== DATASET ENTRIES
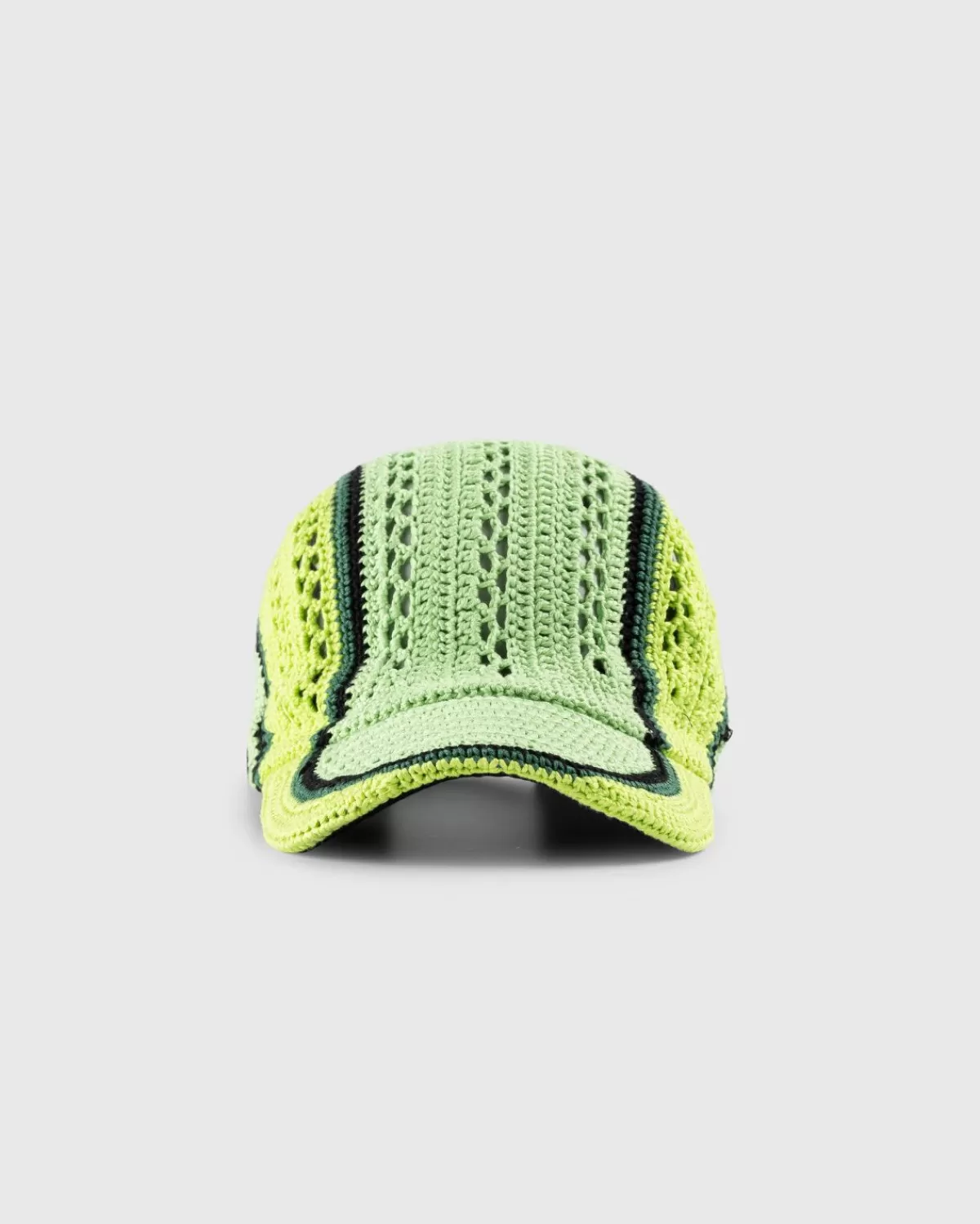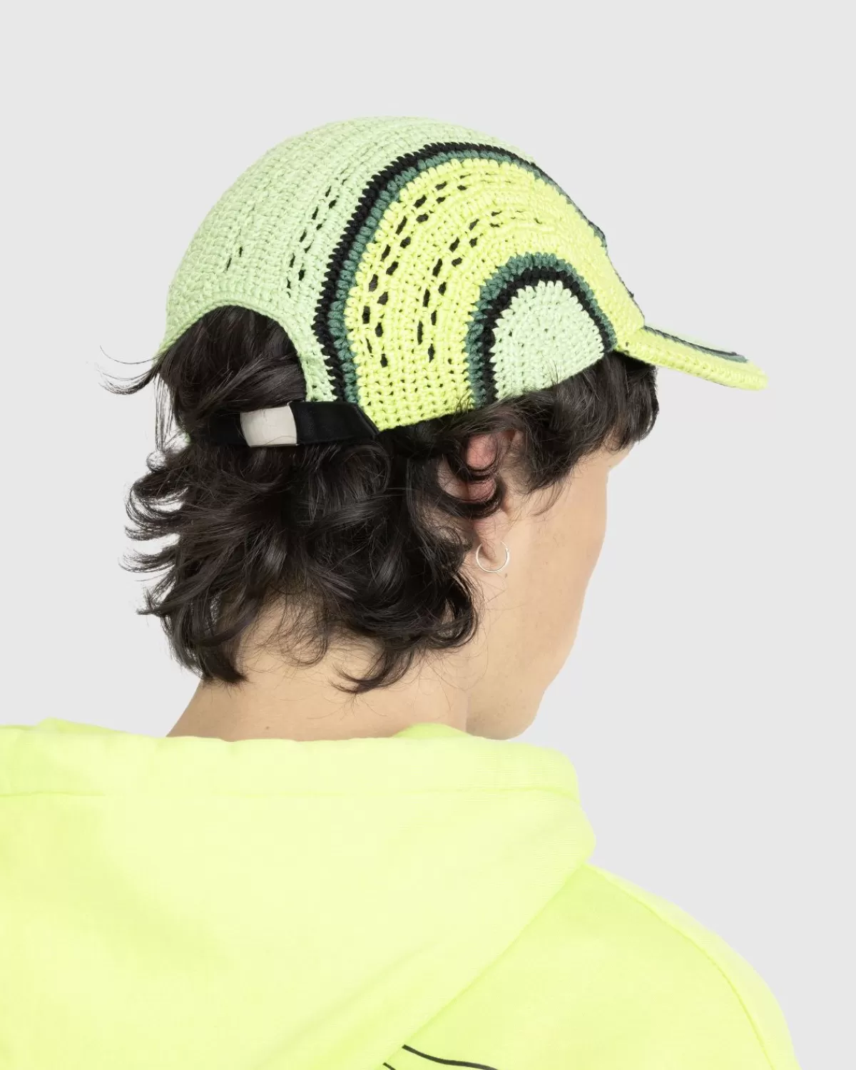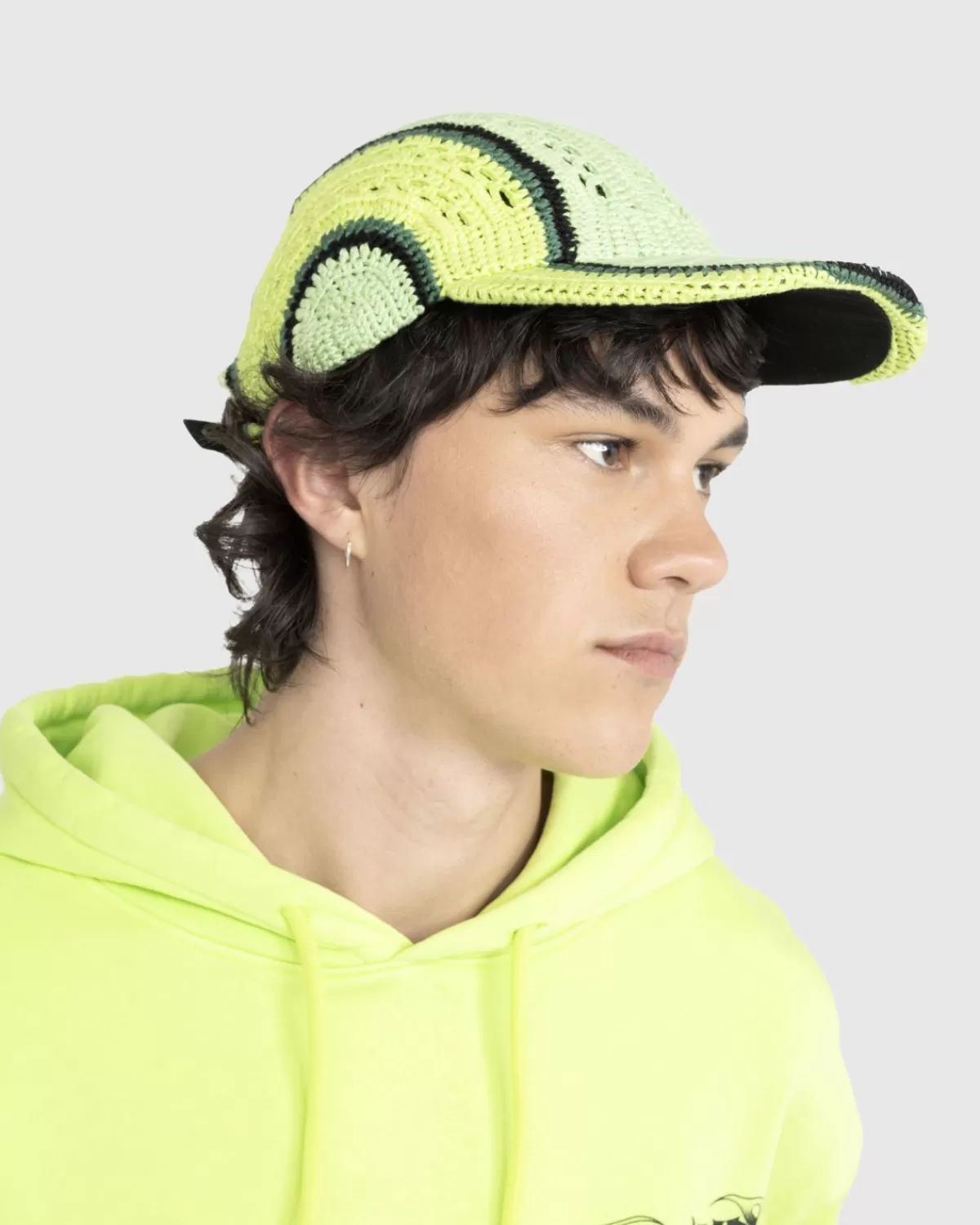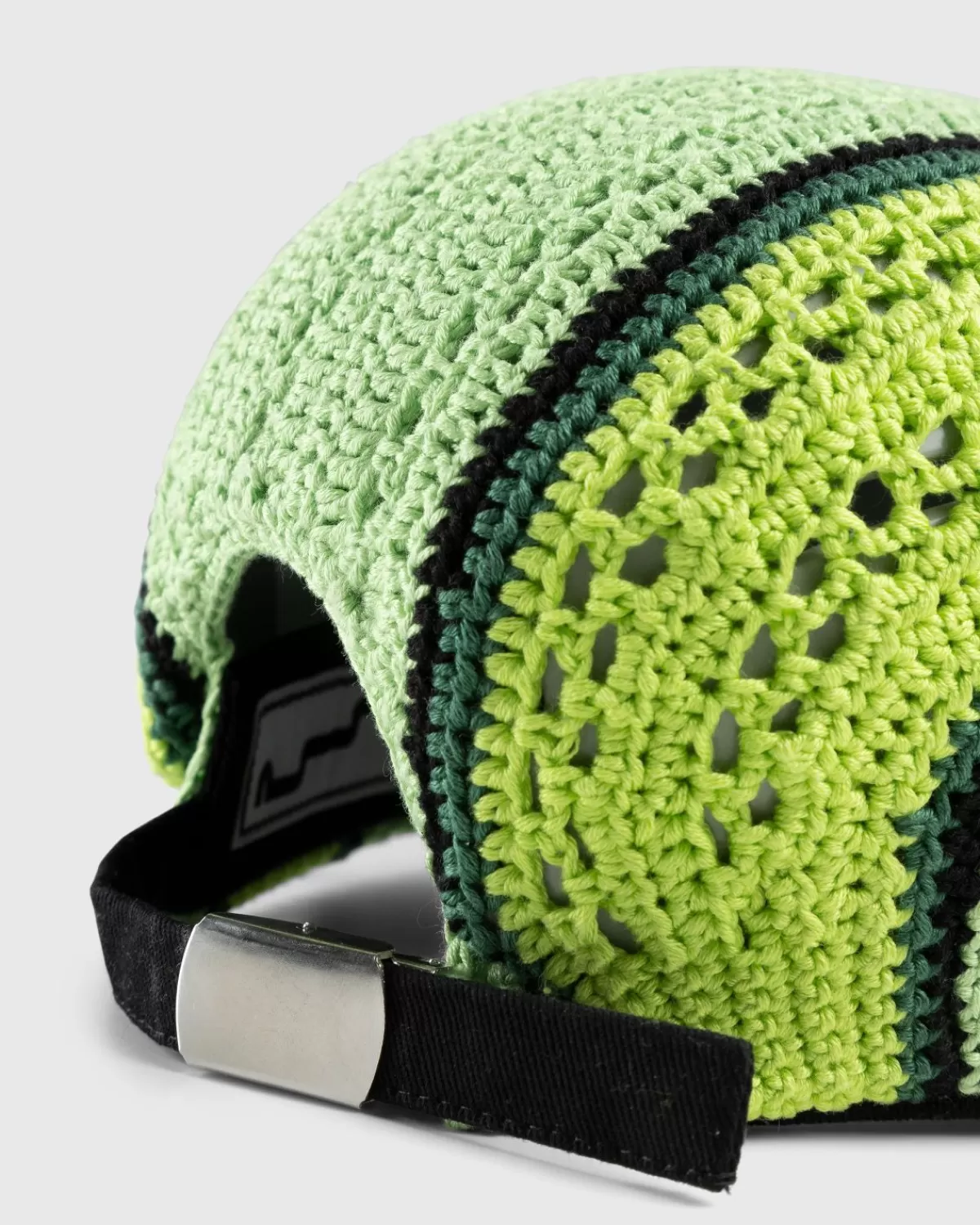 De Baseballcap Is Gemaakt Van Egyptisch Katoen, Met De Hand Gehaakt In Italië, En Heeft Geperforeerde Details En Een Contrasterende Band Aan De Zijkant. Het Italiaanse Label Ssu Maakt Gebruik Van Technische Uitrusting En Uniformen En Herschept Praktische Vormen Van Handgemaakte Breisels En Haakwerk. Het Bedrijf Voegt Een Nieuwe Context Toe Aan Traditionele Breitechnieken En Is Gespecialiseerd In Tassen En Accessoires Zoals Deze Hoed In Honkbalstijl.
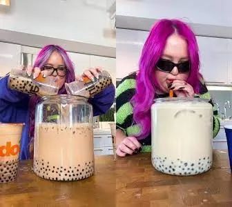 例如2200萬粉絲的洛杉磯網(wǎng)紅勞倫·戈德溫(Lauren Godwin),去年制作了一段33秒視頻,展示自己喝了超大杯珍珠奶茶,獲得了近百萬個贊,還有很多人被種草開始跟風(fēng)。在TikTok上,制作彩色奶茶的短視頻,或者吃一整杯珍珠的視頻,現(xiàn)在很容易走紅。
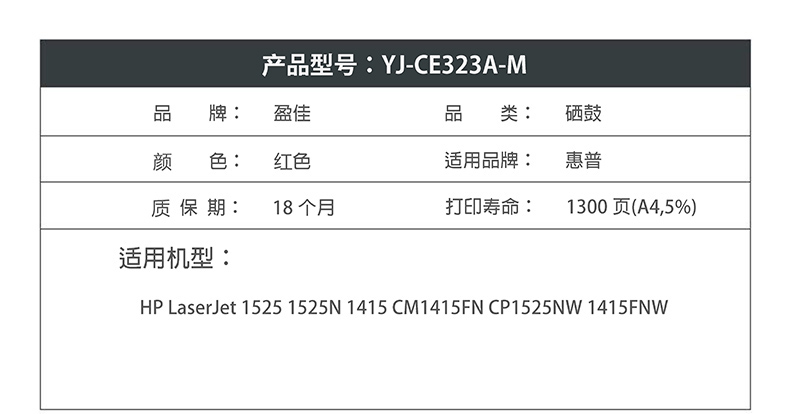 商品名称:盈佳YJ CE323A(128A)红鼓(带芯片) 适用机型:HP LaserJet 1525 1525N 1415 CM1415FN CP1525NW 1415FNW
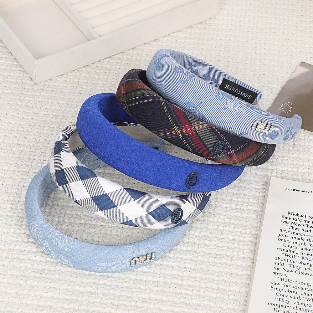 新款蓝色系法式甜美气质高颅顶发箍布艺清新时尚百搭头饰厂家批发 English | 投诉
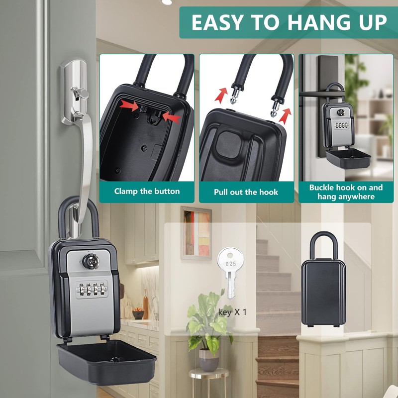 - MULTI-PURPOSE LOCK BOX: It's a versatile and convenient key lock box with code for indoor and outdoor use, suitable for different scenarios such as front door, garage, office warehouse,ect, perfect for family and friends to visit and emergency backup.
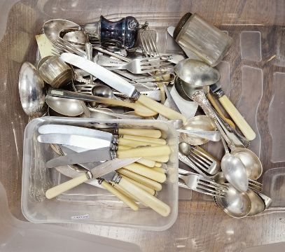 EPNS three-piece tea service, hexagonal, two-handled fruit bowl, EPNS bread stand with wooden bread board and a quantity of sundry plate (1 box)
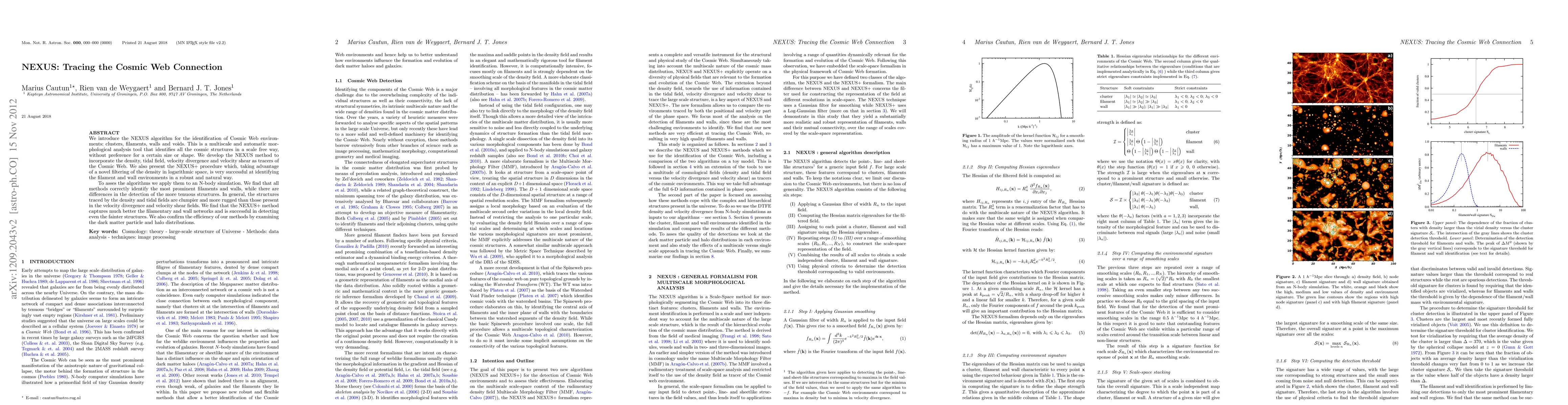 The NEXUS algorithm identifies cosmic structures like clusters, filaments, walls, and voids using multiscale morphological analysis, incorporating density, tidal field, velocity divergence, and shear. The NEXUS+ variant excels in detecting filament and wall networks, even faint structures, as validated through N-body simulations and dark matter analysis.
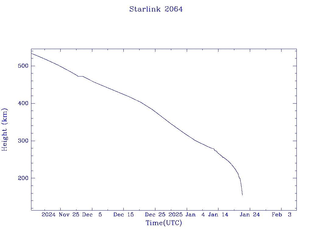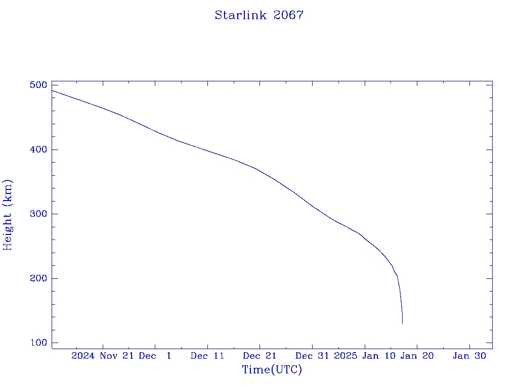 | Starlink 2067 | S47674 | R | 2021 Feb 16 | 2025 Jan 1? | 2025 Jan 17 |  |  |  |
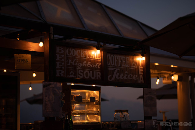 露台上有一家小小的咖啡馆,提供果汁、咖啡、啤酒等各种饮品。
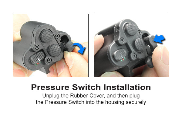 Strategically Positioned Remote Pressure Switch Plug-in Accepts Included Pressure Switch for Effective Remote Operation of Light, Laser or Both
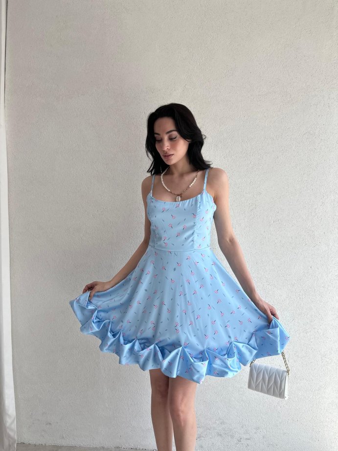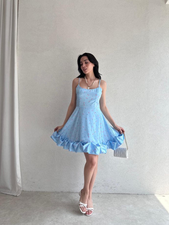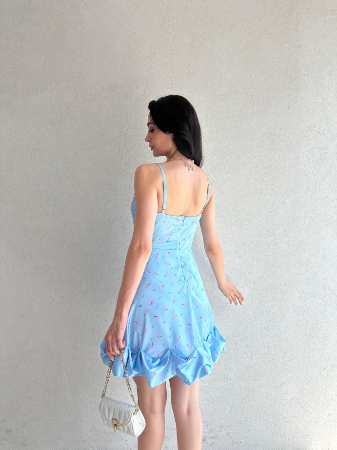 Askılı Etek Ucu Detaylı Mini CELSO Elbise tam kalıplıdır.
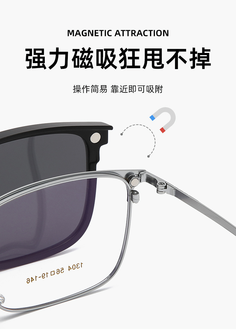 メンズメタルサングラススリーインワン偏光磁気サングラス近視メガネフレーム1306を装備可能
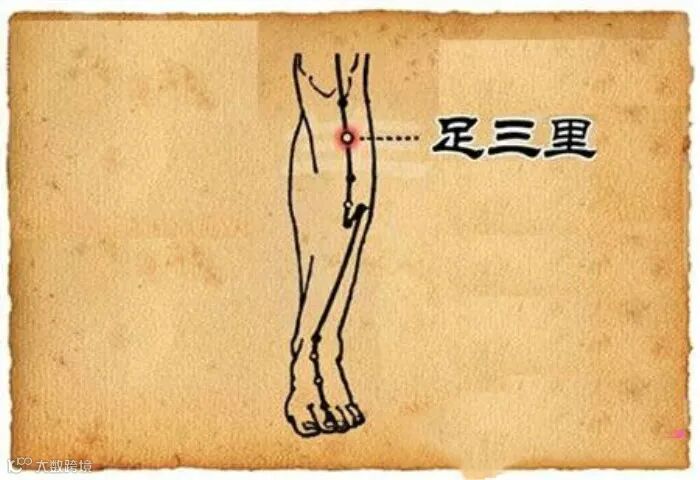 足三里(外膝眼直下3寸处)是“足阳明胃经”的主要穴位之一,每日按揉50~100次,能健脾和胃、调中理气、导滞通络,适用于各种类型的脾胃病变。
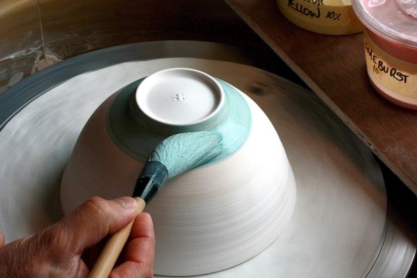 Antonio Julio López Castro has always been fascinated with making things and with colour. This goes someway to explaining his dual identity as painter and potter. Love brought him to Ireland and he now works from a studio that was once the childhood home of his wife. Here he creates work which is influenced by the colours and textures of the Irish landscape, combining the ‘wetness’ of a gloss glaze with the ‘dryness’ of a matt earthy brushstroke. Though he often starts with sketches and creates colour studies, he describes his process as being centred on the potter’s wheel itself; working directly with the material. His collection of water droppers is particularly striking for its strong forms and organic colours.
====
Your copy should hold the lines from the one with "Starlink 2067 |" up to and including the one with "露台上有一家小小的咖啡馆,提供果汁、咖啡、啤酒等各种饮品。", exactly as in the data above, and no pictures.

 | Starlink 2067 | S47674 | R | 2021 Feb 16 | 2025 Jan 1? | 2025 Jan 17 |  |  |  |
 露台上有一家小小的咖啡馆,提供果汁、咖啡、啤酒等各种饮品。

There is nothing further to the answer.